The bewitching world of Swan Lake
- Published 15.10.17
The obsession with swans began a long time ago for me… long before Natalie Portman shot Odette and Odile to fame among non-ballet enthusiasts as the delirious Black Swan. Tchaikovsky’s original score followed a simple plot of a romance with fantastical impediments — the lady is a swan but true love can reverse the curse. But what if the well-meaning prince is misled into courting the wrong swan? There are multiple ways in which this story could end and when the Royal Russian Ballet of Ukraine came to Delhi, I had to see how they’d end their story.

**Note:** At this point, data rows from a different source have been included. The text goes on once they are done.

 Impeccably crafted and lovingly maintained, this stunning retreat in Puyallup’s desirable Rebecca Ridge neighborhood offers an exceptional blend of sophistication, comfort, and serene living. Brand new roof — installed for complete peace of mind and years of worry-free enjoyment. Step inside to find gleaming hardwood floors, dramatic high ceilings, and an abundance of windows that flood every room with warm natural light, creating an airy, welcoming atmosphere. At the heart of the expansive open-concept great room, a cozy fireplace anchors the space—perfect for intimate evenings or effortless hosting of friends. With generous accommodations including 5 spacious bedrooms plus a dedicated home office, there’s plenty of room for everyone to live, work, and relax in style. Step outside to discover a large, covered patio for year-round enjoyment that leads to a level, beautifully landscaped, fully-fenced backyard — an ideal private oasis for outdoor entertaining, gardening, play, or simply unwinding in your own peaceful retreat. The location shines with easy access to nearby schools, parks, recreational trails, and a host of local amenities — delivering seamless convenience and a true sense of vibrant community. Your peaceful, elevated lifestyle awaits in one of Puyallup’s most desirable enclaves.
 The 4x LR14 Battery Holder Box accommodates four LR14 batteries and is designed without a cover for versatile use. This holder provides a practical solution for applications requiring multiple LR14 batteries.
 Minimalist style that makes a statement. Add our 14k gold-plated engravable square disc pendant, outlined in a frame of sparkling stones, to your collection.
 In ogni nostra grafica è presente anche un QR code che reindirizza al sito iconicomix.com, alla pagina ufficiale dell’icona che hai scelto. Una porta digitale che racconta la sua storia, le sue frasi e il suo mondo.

For me, it was always about the Little Swans. Violin classes formed a regular part of my childhood weeks and that meant developing an ear for the crescendo and decrescendo of Western classical music. Tchaikovsky always did sound like one of those congenial chaps, with none of Mozart’s overt romanticism or Wagner’s fierceness. I’m not sure when the Dance of the Little Swans seared itself into my brain as the epitome of all that is beautiful and graceful, perhaps during the Swan Lake performance in Calcutta in 2000 by The Bavarian State Ballet, even though I remember little of it other than beautiful white figures bathed in blue, shimmering across the stage.
Years later, after having abandoned my violin but not my fascination for ballet, armed with knowledge of the art derived from movies ranging from Billy Elliot and Center Stage to the animated Ballerina and, of course, Black Swan, I lined up outside Siri Fort Auditorium in Delhi on September 22, in an unusually Calcuttaesque downpour. It was surreal, even in the absence of a live orchestra. If you’ve ever had a penchant for fairy tales, the Swan Lake ballet is the closest you will ever come to seeing one unfold before your eyes. Between acts you find yourself marvelling at the years of forbearance and dedication that has led to a suppleness of human form that even fashion magazines can’t begin to replicate.

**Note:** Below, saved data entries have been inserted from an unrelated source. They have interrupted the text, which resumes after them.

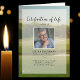 Una celebración especial del programa de funeral de vida con una foto de fondo de un campo de golf - cambia fácilmente la foto de fondo del campo de golf con su propia foto/curso. Añade una foto de tu ser querido al frente y al reverso y personalizado de texto a los cuatro lados - un obituario, orden del servicio, poema, mensaje de agradecimiento, etc. Este programa es tan fácil de personalizar - sólo tienes que hacer clic en "personalizar esta plantilla" para cambiar el texto y las fotos o hacer clic en editar para que sea aún más personalizar. Este es realmente un programa único que la gente apreciará para siempre.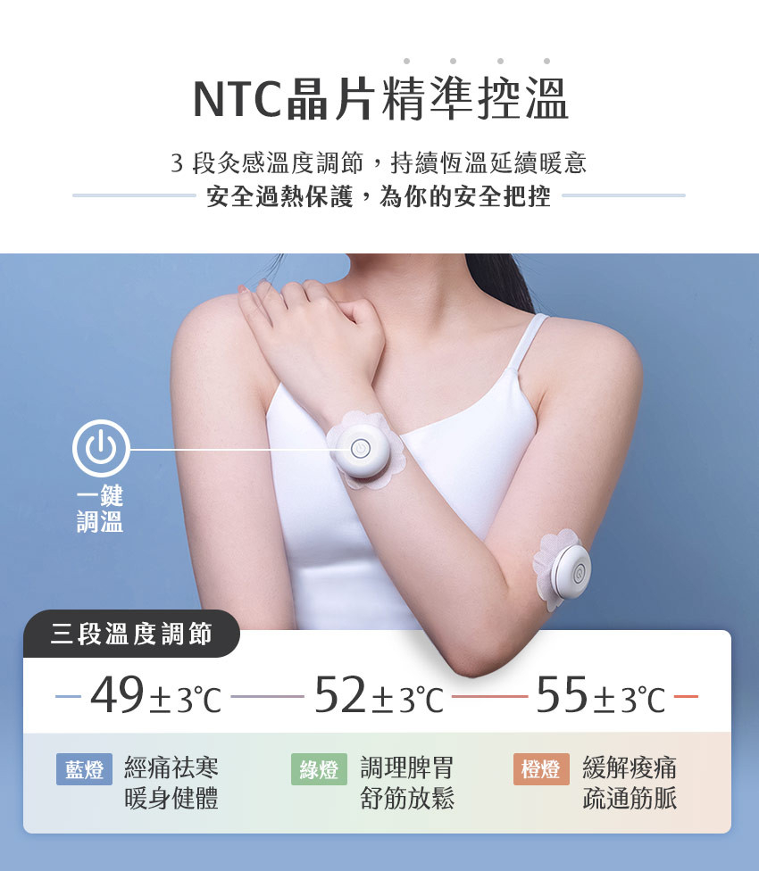 ※ 建議溫度從最低段開始,根據個人情況逐漸調節至適合自己的溫度,避免對熱不敏感導致皮膚燙傷。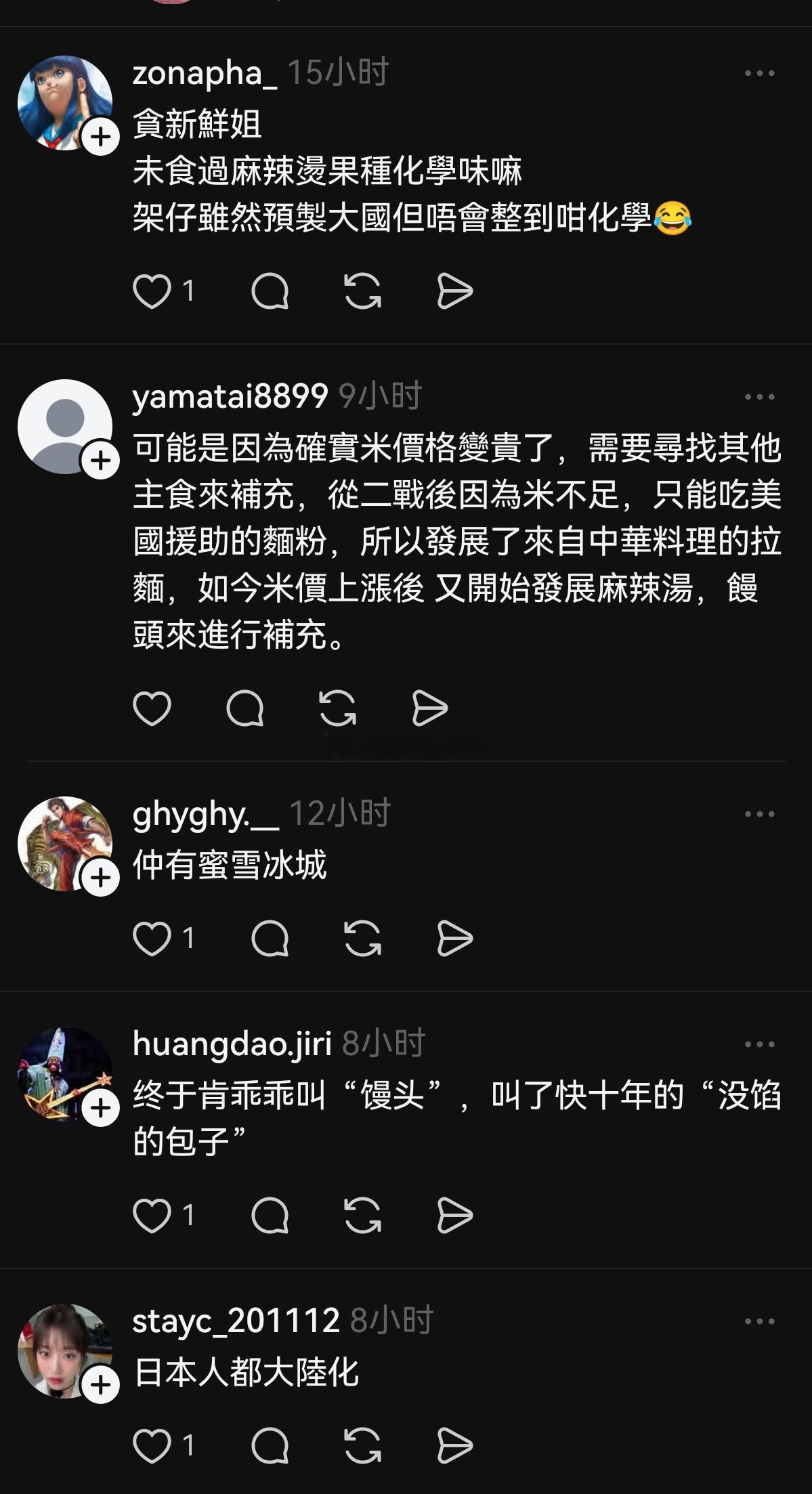 港人又在外网破防“为什么日本人先沉迷麻辣烫,现在又爱上馒头蘸炼乳?”评论区有人吐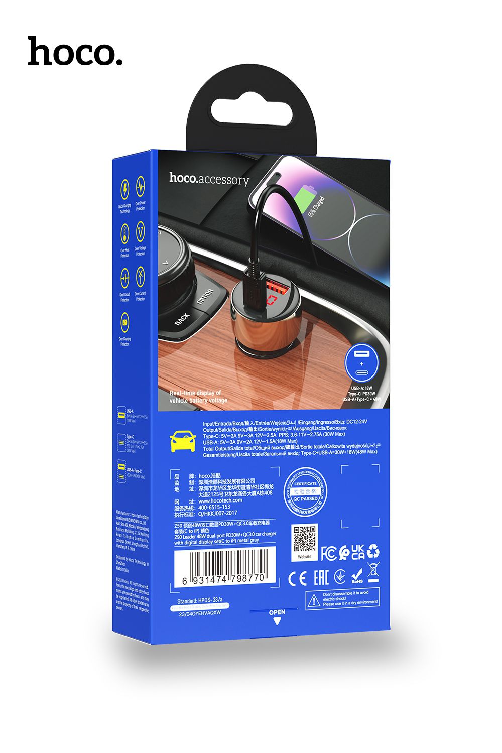 Hoco Z50 48W PD QC Car Charger With PD USB-C Cable – Gray

Act One belonged to the court jester, in this case played by Andrii Gavryshkiv in a red and black unitard, stealing the show with nimble footwork that only just spilled over into the absurd with minimum comic exaggerations!
Act Two belonged to the swans, their whole lamentation, and there is much to lament in this scene, seeing that these lovely birds are lovelier women when the sun sets. In this act, the Little Swans didn’t fall short of my expectations of them, their legs moving in perfect synchrony to this sprightly bit of music, its fame secondary only to the music that has become synonymous with the ballet and which is first heard at the end of the first act to accompany the Flight of the Swans.
Act Three. Prince Siegfried makes the unpardonable mistake of failing to distinguish between his birdie love and her evil imposter. The act belongs to the guests who come to pay their respects to the queen, each dance different from the last in both costume and style. But Odile sweeps in and steals the show with her mesmerising pirouettes, which earned her a mid-act applause. Oh Evil, why art thou so desirable?
Act Four. Prince Siegfried bounds away to make amends but the sorcerer Von Rothbart isn’t going to just let him break the curse and cast aside his own daughter, the black swan. It’s a battle to the end, but which end? The one where the principals die while the other swans live? The one where Rothbart dies and the lovers live? The one where everyone dies? A whole new end?
It was to be a happy end, for Rothbart dies and the lovers are united, as humans, albeit the rare kind who retain their swan-like grace. It’s a happily-ever-after if you like that sort of thing. Personally, I’m all for some realism and trouble in paradise, but I’ll admit there’s a time and place for everything and Swan Lake is best concluded joyously.